= Task instructions =
Go to the line containing "As part of the" below; retype it and all following lines exactly, and leave out the pictures.

= Source material =

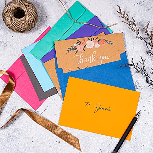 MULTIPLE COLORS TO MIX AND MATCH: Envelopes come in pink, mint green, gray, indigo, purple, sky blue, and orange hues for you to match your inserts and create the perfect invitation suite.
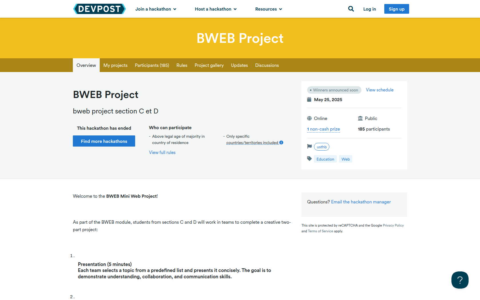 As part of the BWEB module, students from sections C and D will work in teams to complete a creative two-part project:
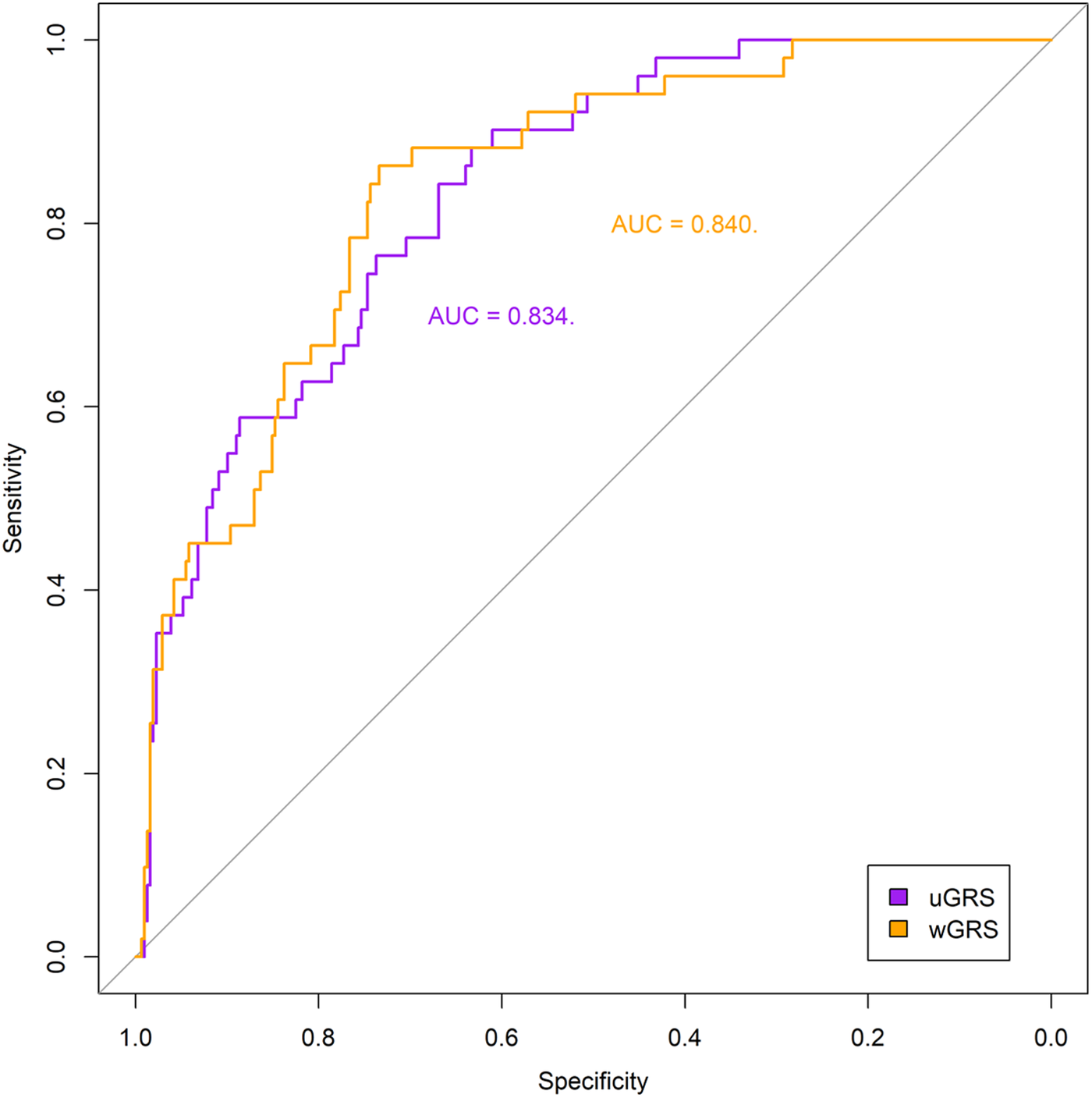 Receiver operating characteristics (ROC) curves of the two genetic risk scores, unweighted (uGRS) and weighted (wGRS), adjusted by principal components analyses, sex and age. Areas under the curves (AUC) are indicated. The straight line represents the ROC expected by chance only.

= Problem solution =
 As part of the BWEB module, students from sections C and D will work in teams to complete a creative two-part project:
 Receiver operating characteristics (ROC) curves of the two genetic risk scores, unweighted (uGRS) and weighted (wGRS), adjusted by principal components analyses, sex and age. Areas under the curves (AUC) are indicated. The straight line represents the ROC expected by chance only.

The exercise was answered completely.